## What is being asked
What is needed is a word-for-word transcript of the listing, free of pictures.

## The data
○ ○ ○

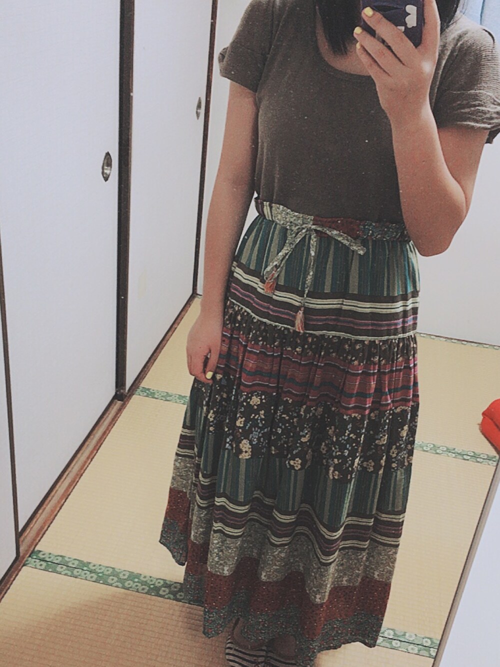 久々投稿 こんばんわ。最近は少し涼し目で 過ごしやすいですね☺️💭 結構前に買ったスカートを デビューさせました
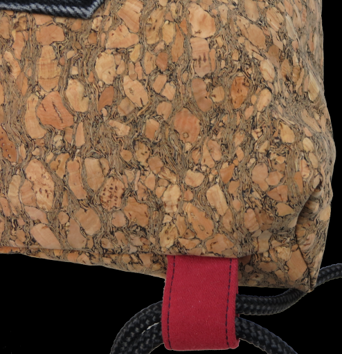 Сумка изготовлена из коттона внутри, коркового дерева снаружи, элементы сумки выполнены из натуральной кожи и коттона.
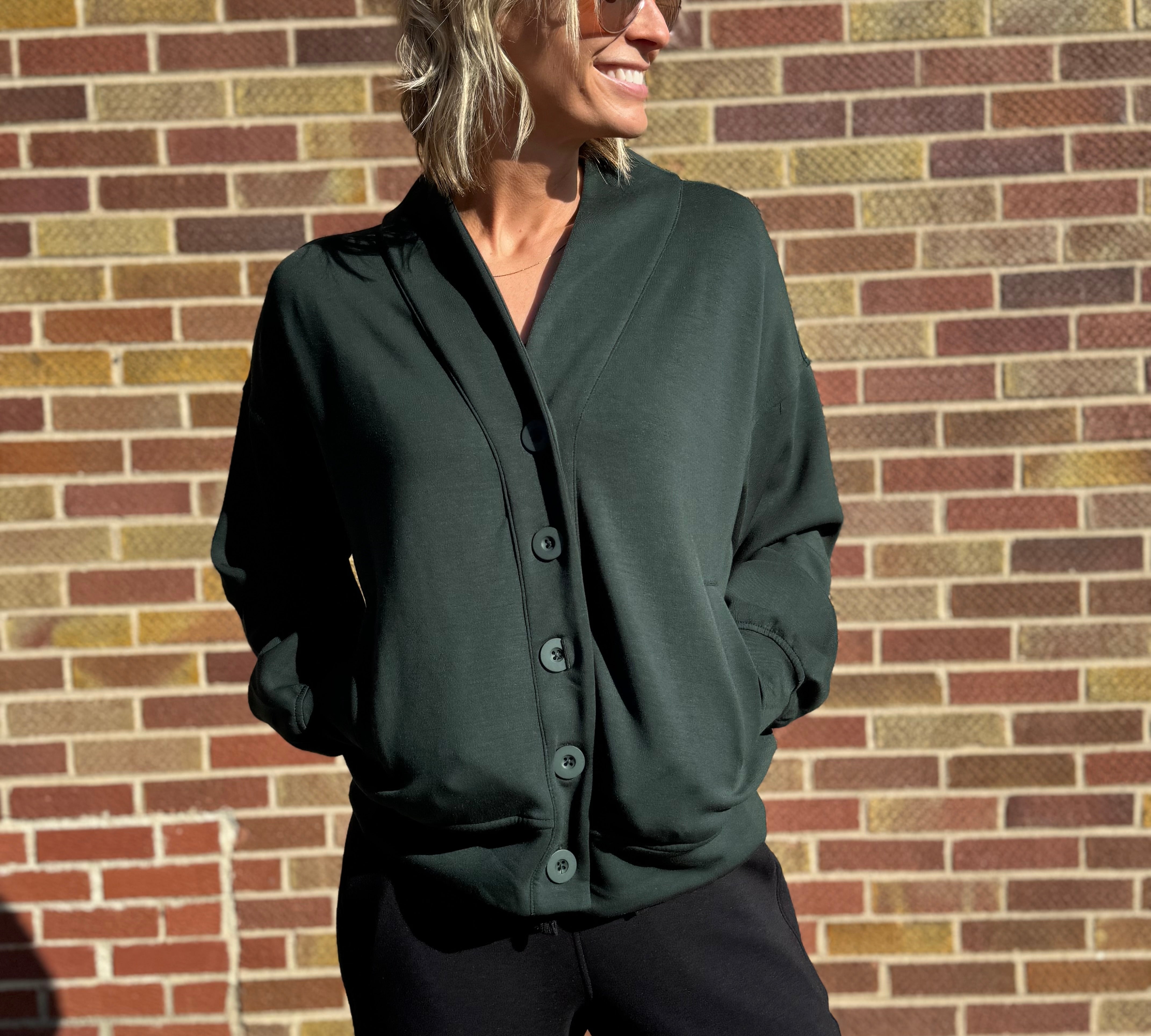 Ribbed Raglan Sleeve Cardigan w/ Pocket

○ ○ ○

## Task output
 久々投稿 こんばんわ。最近は少し涼し目で 過ごしやすいですね☺️💭 結構前に買ったスカートを デビューさせました
 Сумка изготовлена из коттона внутри, коркового дерева снаружи, элементы сумки выполнены из натуральной кожи и коттона.
 Ribbed Raglan Sleeve Cardigan w/ Pocket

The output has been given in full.